▸ PROBLEM TO SOLVE
Could you transcribe all of the data word for word?
** Opening PROVIDED ENTRIES block **
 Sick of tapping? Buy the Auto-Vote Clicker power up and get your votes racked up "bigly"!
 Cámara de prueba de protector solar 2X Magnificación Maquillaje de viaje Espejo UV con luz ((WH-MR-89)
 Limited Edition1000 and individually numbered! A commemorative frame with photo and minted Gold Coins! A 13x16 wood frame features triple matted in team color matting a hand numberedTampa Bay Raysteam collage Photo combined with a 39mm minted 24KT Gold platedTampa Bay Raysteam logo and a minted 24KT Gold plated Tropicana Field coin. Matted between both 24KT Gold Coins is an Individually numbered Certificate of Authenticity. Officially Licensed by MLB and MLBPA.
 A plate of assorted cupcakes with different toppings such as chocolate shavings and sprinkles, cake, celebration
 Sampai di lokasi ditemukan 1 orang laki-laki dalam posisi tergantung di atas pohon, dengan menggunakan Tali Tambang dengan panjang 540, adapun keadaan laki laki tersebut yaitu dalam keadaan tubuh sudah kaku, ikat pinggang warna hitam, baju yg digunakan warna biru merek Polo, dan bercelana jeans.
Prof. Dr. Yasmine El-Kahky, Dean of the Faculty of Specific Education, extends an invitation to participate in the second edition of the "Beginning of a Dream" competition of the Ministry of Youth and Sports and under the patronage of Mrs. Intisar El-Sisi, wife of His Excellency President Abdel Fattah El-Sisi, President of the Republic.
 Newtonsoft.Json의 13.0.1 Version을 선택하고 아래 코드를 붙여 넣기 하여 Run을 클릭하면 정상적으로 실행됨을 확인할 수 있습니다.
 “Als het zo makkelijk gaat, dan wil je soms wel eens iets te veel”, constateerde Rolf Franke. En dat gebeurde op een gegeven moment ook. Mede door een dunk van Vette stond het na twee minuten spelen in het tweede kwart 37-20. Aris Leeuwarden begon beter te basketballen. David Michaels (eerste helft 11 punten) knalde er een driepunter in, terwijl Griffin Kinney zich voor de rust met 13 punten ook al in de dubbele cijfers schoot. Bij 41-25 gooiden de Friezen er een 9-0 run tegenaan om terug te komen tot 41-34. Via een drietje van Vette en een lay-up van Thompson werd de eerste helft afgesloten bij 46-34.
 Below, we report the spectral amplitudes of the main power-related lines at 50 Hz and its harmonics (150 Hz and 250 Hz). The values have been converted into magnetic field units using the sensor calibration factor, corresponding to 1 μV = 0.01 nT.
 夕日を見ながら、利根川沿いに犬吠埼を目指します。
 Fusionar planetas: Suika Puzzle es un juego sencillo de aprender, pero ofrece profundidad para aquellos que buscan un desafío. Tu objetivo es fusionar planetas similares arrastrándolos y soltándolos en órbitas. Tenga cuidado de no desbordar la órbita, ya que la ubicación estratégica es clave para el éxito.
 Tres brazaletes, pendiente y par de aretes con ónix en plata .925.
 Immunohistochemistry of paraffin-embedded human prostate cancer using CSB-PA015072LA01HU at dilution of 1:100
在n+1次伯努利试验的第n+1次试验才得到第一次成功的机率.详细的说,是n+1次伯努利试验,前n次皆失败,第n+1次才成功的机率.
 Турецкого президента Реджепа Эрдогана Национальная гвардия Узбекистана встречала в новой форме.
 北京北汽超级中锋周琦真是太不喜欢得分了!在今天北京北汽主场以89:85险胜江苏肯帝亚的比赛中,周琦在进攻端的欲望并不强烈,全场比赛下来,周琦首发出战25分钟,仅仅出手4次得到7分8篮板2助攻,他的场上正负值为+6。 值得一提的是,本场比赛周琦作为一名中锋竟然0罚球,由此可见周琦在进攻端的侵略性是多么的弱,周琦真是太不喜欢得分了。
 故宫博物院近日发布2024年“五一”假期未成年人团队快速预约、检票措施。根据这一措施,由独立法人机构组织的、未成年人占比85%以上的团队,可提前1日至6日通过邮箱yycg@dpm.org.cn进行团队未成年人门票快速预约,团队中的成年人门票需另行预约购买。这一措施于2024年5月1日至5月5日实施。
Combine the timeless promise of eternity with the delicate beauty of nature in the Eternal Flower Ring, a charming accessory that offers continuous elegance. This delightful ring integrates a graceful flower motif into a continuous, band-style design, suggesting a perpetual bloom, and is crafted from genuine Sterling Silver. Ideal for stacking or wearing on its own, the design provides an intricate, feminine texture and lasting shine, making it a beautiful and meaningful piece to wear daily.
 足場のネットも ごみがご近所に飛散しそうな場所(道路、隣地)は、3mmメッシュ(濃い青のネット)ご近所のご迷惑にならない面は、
** Closing PROVIDED ENTRIES block **
▸ ANSWER BOX
 Sick of tapping? Buy the Auto-Vote Clicker power up and get your votes racked up "bigly"!
 Cámara de prueba de protector solar 2X Magnificación Maquillaje de viaje Espejo UV con luz ((WH-MR-89)
 Limited Edition1000 and individually numbered! A commemorative frame with photo and minted Gold Coins! A 13x16 wood frame features triple matted in team color matting a hand numberedTampa Bay Raysteam collage Photo combined with a 39mm minted 24KT Gold platedTampa Bay Raysteam logo and a minted 24KT Gold plated Tropicana Field coin. Matted between both 24KT Gold Coins is an Individually numbered Certificate of Authenticity. Officially Licensed by MLB and MLBPA.
 A plate of assorted cupcakes with different toppings such as chocolate shavings and sprinkles, cake, celebration
 Sampai di lokasi ditemukan 1 orang laki-laki dalam posisi tergantung di atas pohon, dengan menggunakan Tali Tambang dengan panjang 540, adapun keadaan laki laki tersebut yaitu dalam keadaan tubuh sudah kaku, ikat pinggang warna hitam, baju yg digunakan warna biru merek Polo, dan bercelana jeans.
Prof. Dr. Yasmine El-Kahky, Dean of the Faculty of Specific Education, extends an invitation to participate in the second edition of the "Beginning of a Dream" competition of the Ministry of Youth and Sports and under the patronage of Mrs. Intisar El-Sisi, wife of His Excellency President Abdel Fattah El-Sisi, President of the Republic.
 Newtonsoft.Json의 13.0.1 Version을 선택하고 아래 코드를 붙여 넣기 하여 Run을 클릭하면 정상적으로 실행됨을 확인할 수 있습니다.
 “Als het zo makkelijk gaat, dan wil je soms wel eens iets te veel”, constateerde Rolf Franke. En dat gebeurde op een gegeven moment ook. Mede door een dunk van Vette stond het na twee minuten spelen in het tweede kwart 37-20. Aris Leeuwarden begon beter te basketballen. David Michaels (eerste helft 11 punten) knalde er een driepunter in, terwijl Griffin Kinney zich voor de rust met 13 punten ook al in de dubbele cijfers schoot. Bij 41-25 gooiden de Friezen er een 9-0 run tegenaan om terug te komen tot 41-34. Via een drietje van Vette en een lay-up van Thompson werd de eerste helft afgesloten bij 46-34.
 Below, we report the spectral amplitudes of the main power-related lines at 50 Hz and its harmonics (150 Hz and 250 Hz). The values have been converted into magnetic field units using the sensor calibration factor, corresponding to 1 μV = 0.01 nT.
 夕日を見ながら、利根川沿いに犬吠埼を目指します。
 Fusionar planetas: Suika Puzzle es un juego sencillo de aprender, pero ofrece profundidad para aquellos que buscan un desafío. Tu objetivo es fusionar planetas similares arrastrándolos y soltándolos en órbitas. Tenga cuidado de no desbordar la órbita, ya que la ubicación estratégica es clave para el éxito.
 Tres brazaletes, pendiente y par de aretes con ónix en plata .925.
 Immunohistochemistry of paraffin-embedded human prostate cancer using CSB-PA015072LA01HU at dilution of 1:100
在n+1次伯努利试验的第n+1次试验才得到第一次成功的机率.详细的说,是n+1次伯努利试验,前n次皆失败,第n+1次才成功的机率.
 Турецкого президента Реджепа Эрдогана Национальная гвардия Узбекистана встречала в новой форме.
 北京北汽超级中锋周琦真是太不喜欢得分了!在今天北京北汽主场以89:85险胜江苏肯帝亚的比赛中,周琦在进攻端的欲望并不强烈,全场比赛下来,周琦首发出战25分钟,仅仅出手4次得到7分8篮板2助攻,他的场上正负值为+6。 值得一提的是,本场比赛周琦作为一名中锋竟然0罚球,由此可见周琦在进攻端的侵略性是多么的弱,周琦真是太不喜欢得分了。
 故宫博物院近日发布2024年“五一”假期未成年人团队快速预约、检票措施。根据这一措施,由独立法人机构组织的、未成年人占比85%以上的团队,可提前1日至6日通过邮箱yycg@dpm.org.cn进行团队未成年人门票快速预约,团队中的成年人门票需另行预约购买。这一措施于2024年5月1日至5月5日实施。
Combine the timeless promise of eternity with the delicate beauty of nature in the Eternal Flower Ring, a charming accessory that offers continuous elegance. This delightful ring integrates a graceful flower motif into a continuous, band-style design, suggesting a perpetual bloom, and is crafted from genuine Sterling Silver. Ideal for stacking or wearing on its own, the design provides an intricate, feminine texture and lasting shine, making it a beautiful and meaningful piece to wear daily.
 足場のネットも ごみがご近所に飛散しそうな場所(道路、隣地)は、3mmメッシュ(濃い青のネット)ご近所のご迷惑にならない面は、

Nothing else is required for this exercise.